At the Decade of Web Design Conference hosted by the Institute for Networked Cultures. Franziska Nori spoke about her experience as researcher and curator of digital culture for digitalcraft at the Museum for Applied Art in Frankfurt am Main. The project set out to document digital craft as a cultural trend. Digital crafts were defined as “digital objects from everyday life,” mostly websites. Collecting and preserving these ephemeral, ever-changing objects was difficult, at best. A choice had to be made between manual selection, or automatic harvesting. Nori and her associates chose manual selection. The advantage of manual selection was that critical faculties could be employed. The disadvantage was that subjective evaluations regarding an object’s relevance were not always accurate, and important work might be left out. If we begin to treat blogs, websites, and other electronic ephemera as cultural output worthy of preservation and study (i.e. as books), we will have to find solutions to similar problems.
The pace at which technology renews and outdates presents a further obstacle. There are, currently, two ways to approach durability of access to content. The first, is to collect and preserve hardware and software platforms, but this is extremely expensive and difficult to manage. The second solution, is to emulate the project in updated software. In some cases, the artist must write specs for the project, so it can be recreated at a later date. Both these solutions are clearly impractical for digital librarians who must manage hundreds of thousand of objects. One possible solution for libraries, is to encourage proliferation of objects.

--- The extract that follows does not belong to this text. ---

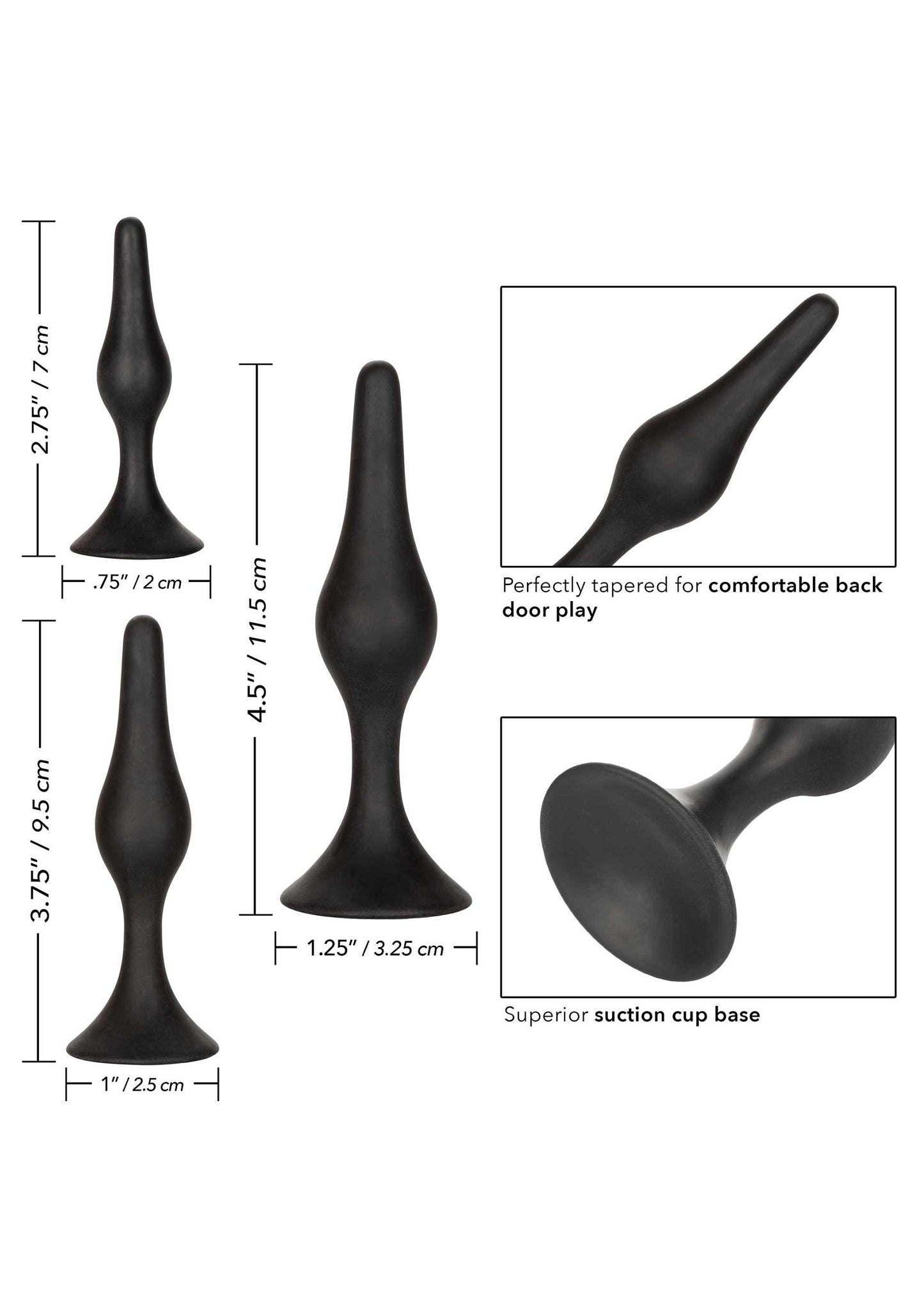 De Silicone Anal Starter Kit is een set zeer die geschikt is om je ervaring in anaal plezier op te bouwen. Deze kinky kit bevat een set van 3 anale pluggen waarmee je op een veilige en comfortabele manier anale stimulatie kunt verhogen. Elke plug in deze kit wordt geleidelijk langer en groter om het anale plezier in stappen te vergroten. De flexibele sondes zijn gemaakt van glad siliconen. Dit materiaal is ongeparfumeerd en lichaamsveilig. Wij adviseren dit artikel te gebruiken met een glijmiddel

Open source technology might make it possible for institutions to share data/objects, thus creating “back-up” systems for fragile digital archives.
Nori ended her presentation with two observations. “Most societies create their identity through an awareness of their history.” This, she argues, compells us to find ways to preserve digital communications for posterity. She notes that cultural historians, artists, and researchers “are worried about a future where these artifacts will not be accessible.”